Replication Data For "Partially Factorized Variational Inference for High-Dimensional Mixed Models"

Version 2.0; 30 November 2024

Authors: Max Goplerud, Omiros Papaspiliopoulos, Giacomo Zanella

Overview

This README.md explains the replication archive for the analyses conducted in our paper. To use PF-VI for your own data, please skip to the "Software" section for installation instructions.

File Listing

The files contained in this archive are listed below. Their usage is described in more detail in the following sections. To simply re-create all of the figures in the paper and examine the output of the analyses, please run the code/create_figures.R script.

• build_gg: The replicator should add the raw data from the data.zip from Ghitza and Gelman's (2013) replication archive (https://doi.org/10.7910/DVN/PZAOO6) to this folder. This is required to run the prepare_GG.R script that creates the data/gg_data.RDS object that is needed for all scripts involving the Ghitza-Gelman data.
• code: This contains the scripts needed to replicate the analyses.
  • aux_functions.R: Auxiliary functions needed in the simulations, e.g. calculating the accuracy of the variational approximation.
  • bash_condaenv.sh: Create conda environment to call Python from R.
  • binomial_2K.stan and linear_2K.stan: STAN models used for simulations
  • collect_sims.R: Pulls together the simulation results into a single .RDS file.
  • create_figures.R: This will create all tables and figures used in the manuscript.
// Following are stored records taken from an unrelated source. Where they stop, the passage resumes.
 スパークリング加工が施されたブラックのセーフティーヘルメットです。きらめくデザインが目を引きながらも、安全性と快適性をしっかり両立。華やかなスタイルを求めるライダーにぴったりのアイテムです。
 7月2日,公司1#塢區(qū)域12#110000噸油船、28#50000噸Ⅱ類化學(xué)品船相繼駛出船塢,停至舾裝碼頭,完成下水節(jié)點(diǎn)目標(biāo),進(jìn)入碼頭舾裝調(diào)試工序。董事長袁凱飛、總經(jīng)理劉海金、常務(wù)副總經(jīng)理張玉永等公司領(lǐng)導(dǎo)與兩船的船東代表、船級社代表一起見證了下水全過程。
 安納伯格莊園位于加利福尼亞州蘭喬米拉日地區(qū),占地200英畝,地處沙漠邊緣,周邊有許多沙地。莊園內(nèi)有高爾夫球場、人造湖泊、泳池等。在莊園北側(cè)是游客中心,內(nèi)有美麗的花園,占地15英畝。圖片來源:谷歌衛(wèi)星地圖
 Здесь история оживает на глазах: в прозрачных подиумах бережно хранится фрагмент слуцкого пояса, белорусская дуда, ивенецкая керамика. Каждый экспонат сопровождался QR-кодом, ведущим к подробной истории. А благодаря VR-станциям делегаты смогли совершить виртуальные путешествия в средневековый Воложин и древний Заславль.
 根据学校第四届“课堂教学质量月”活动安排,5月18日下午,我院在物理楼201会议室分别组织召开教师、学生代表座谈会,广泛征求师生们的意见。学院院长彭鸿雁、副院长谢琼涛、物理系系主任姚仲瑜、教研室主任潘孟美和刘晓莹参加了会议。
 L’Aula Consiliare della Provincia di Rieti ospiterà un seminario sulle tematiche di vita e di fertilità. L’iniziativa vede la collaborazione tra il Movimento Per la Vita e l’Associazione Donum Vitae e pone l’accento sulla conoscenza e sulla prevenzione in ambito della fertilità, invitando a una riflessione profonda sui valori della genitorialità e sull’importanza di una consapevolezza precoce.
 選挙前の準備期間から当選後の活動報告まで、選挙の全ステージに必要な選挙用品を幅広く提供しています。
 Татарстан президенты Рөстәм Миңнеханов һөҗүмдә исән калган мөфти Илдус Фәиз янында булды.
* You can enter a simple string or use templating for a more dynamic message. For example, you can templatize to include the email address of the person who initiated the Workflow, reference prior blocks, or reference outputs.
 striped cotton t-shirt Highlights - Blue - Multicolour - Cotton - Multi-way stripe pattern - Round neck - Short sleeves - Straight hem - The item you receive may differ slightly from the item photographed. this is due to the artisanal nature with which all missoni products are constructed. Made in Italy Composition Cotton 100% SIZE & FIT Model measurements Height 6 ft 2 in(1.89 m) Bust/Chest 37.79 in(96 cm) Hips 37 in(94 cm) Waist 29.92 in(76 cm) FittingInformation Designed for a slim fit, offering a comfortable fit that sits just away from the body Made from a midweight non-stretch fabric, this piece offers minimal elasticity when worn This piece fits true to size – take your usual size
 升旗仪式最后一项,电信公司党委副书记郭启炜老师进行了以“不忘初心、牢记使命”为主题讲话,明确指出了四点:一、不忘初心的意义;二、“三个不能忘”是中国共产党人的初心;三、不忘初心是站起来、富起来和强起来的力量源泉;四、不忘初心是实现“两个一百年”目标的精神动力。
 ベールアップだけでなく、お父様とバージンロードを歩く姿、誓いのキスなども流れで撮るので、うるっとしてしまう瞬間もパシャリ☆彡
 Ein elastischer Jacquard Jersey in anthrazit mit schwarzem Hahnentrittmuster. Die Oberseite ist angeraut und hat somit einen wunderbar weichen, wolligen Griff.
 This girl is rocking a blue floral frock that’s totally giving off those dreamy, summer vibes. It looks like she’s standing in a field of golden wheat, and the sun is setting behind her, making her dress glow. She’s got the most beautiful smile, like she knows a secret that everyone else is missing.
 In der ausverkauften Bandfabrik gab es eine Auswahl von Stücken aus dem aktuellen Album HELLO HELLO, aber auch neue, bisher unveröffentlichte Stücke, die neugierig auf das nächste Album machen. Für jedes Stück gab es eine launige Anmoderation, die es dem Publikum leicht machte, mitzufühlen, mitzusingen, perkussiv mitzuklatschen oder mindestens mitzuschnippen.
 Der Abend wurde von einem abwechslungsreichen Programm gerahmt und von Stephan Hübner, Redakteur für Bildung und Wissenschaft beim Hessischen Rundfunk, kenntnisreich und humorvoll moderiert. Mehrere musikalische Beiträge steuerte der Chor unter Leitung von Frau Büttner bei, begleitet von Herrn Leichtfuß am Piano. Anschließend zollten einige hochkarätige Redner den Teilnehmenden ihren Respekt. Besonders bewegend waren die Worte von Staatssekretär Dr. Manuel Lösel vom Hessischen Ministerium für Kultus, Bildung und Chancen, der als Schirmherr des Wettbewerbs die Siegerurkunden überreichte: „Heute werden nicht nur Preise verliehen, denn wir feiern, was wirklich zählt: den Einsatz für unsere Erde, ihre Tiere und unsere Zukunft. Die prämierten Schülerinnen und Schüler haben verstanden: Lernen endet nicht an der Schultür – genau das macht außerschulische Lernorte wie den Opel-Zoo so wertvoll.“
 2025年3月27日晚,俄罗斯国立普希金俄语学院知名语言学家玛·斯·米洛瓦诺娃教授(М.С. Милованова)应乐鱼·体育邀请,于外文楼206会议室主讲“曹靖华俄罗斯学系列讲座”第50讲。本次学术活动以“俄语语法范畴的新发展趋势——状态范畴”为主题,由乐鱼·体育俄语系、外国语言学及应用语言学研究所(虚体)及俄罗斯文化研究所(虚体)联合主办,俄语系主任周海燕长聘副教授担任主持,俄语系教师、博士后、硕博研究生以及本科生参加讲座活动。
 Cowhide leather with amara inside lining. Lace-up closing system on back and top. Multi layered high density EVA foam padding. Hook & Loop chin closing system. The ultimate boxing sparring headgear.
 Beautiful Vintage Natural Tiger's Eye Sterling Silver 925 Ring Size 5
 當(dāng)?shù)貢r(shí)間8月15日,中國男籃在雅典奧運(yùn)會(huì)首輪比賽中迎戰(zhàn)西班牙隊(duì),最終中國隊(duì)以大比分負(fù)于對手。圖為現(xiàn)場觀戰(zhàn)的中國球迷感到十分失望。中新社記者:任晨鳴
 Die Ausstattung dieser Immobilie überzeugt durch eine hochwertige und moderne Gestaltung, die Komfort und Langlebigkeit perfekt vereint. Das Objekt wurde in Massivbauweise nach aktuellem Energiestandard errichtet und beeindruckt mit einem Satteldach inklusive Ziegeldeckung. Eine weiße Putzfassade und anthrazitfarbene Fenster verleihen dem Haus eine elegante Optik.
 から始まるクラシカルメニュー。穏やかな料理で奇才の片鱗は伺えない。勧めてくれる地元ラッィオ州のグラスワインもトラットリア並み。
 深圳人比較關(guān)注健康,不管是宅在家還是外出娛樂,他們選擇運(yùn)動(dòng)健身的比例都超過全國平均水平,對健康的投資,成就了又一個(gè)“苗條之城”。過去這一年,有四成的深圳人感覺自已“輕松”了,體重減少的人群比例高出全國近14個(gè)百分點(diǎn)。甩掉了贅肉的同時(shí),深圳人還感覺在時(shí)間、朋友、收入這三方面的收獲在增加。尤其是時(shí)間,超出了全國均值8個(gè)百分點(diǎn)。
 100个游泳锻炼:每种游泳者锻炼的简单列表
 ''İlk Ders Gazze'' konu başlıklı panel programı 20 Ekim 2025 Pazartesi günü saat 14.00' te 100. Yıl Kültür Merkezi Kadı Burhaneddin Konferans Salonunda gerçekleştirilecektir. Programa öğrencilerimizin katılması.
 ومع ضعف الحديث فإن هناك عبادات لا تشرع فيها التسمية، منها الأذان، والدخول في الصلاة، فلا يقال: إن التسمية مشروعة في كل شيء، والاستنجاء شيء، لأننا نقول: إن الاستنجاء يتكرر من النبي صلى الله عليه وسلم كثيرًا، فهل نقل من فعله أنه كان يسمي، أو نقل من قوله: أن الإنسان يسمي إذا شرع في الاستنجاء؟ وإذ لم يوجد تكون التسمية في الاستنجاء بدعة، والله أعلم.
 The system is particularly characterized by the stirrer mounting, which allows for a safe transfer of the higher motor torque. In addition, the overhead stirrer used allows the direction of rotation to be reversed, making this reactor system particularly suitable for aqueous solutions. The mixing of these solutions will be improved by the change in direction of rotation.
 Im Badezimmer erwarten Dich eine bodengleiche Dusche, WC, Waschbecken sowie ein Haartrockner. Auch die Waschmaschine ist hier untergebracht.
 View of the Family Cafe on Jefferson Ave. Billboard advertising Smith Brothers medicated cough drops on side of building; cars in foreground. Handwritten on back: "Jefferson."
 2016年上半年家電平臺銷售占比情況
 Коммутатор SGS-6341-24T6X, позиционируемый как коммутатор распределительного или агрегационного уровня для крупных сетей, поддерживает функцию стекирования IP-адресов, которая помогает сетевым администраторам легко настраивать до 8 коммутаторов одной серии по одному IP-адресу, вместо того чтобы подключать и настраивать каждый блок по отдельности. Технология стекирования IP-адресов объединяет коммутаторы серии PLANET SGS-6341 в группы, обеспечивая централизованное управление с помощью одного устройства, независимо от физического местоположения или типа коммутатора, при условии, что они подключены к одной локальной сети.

It relies on saved versions of the simulation and analysis output that were run on a high-performance computing environment.
  • gen_data_PSFZ.py: Python script used to sample from the collapsed Gibbs sampler from Papaspiliopoulos, Stumpf-Fetizon, and Zanella (2023) in the simulations. It is lightly adapted from https://github.com/timsf/crossed-effects
  • log_figures.txt: This contains the output from R when create_figures.R was run.
  • model_list.txt: This contains the combinations of years (1-2) and models (1-9) for the Ghitza-Gelman analysis.
  • prepare_GG.R: This will create the relevant data needed for the Ghitza-Gelman analysis. This script directly taken from an author's previous work (Goplerud; https://doi.org/10.7910/DVN/DI19IB)
  • run_simulations.R: This script will run the simulations; see "Simulation" section for more information about its usage.
  • run_stan_gg.R: This script will estimate the HMC models for the Ghitza-Gelman analysis; see "Ghitza-Gelman Analysis" section for more information about its usage.
  • run_stan_pathfinder.R: This script will estimate the ADVI/Pathfinder models for the Ghitza-Gelman analysis; see "Ghitza-Gelman Analysis" section for more information about its usage.
  • run_vglmer_gg.R: This script will estimate the VI models for the Ghitza-Gelman analysis; see "Ghitza-Gelman Analysis" section for information about its usage.
  • simulation_list: This contains the parameter configuration needed for the simulations, as well as the amount of memory and disk space requested.
  • summarize_gg_acc_advi.R: Estimates accuracy from ADVI/Pathfinder models; see "Ghitza-Gelman Analysis" section for more information about its usage.
  • summarize_gg_mrp.R: Estimates the post-stratified quantities and the linear predictor for each type of respondent; see "Ghitza-Gelman Analysis" section for more information about its usage.
  • summarize_gg_uqf.R: Estimates the UQF from the Ghitza-Gelman CAVI models; see "Ghitza-Gelman Analysis" section for more information about its usage.
• crossed_effects_python: This contains Python code to implement the samplers outlined in Papaspiliopoulos, Stumpf-Fetizon, and Zanella (2023); it is downloaded from here https://github.com/timsf/crossed-effects
• data: This contains data needed for the analyses. It contains a number of files.
  • formula_list.RDS: A list of formula for the Ghitza-Gelman models.
  • gg_data.RDS, gg_poststrat.RDS and gg_statevalues.RDS: These are needed for the Ghitza-Gelman analyses; they are not provided with the replication data but can be created as discussed above using the prepare_GG.R script.
  • gg_table_description.xlsx: This contains the text used in Table 1
• figures: This contains the tables and figures in the manuscript.
  • gg_table.tex can only be produced if output_vglmer contains all of the estimated models. GitHub contains the pre-produced version.
• output: This contains the output of the simulations and the Ghitza-Gelman analysis.
  • all_simulations.RDS: This contains the results for all of the simulations.
  • acc_advi.RDS: This contains the accuracy of estimates using Pathfinder and ADVI for the Ghitza-Gelman analysis.
  • output_advi: This contains the ADVI/Pathfinder models estimating using cmdstanr. These are too large to include on GitHub, and thus the folder is empty, but can be accessed and reproduced as noted below.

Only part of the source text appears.